British anti-abortion campaigners claimed legal victory yesterday in moves to reopen the debate on cloning. However, scientists warned that a ruling by the High Court in London could open the door for controversial fertility specialists to create human clones.
The court ruled that current laws did not cover the use of cloned human embryos for medical research and did not explicitly prohibit human reproductive cloning.
The Department of Health in London said it may appeal against the decision and was considering emergency legislation to ban human reproduction cloning.
The Pro-Life Alliance, which opposes all human cloning including therapeutic cloning to harvest stem cells, had challenged the government over its assurances that live birth cloning could not legally take place in Britain.

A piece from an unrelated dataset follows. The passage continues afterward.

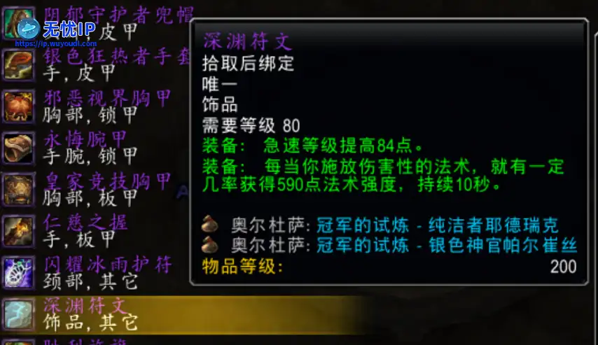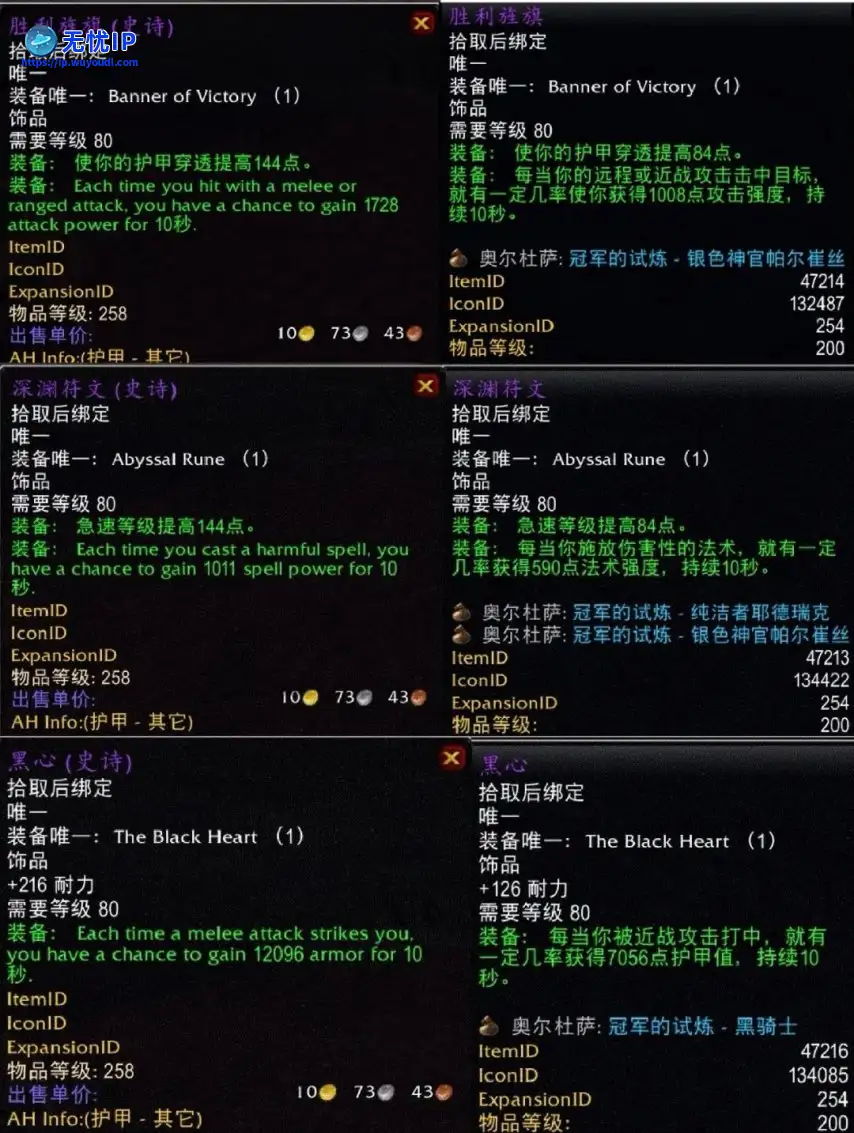 其实黑心、胜利旌旗和深渊符文的属性设计都是第一流的,仅仅吃了装等太低的亏,提升到258后,直接变身为准BIS饰品,虽说还没法和277装等的意志和外服比,但是和其他251~264饰品相比毫不逊色,甚至略有优点。这3件饰品提升到258装等后的属性,提升比为70%左右,属性如下表。

"The law as it stands at the moment is so full of loopholes and uncertainties that scientists could go right ahead and clone human embryos without any restrictions and without any possible sanction from the government," a Pro-Life Alliance Director, Dr Bruno Quintavalle, told the BBC.
Dr David King of the independent watchdog group Human Genetics Alert warned that the move could open the door for controversial Italian fertility expert Dr Severino Antinori to conduct experiments in Britain.
"We are horrified to find that human cloning would be legal in the UK and shocked that the government gave the public false assurances. Professor Antinori could start his cloning work in Britain today," Dr King said.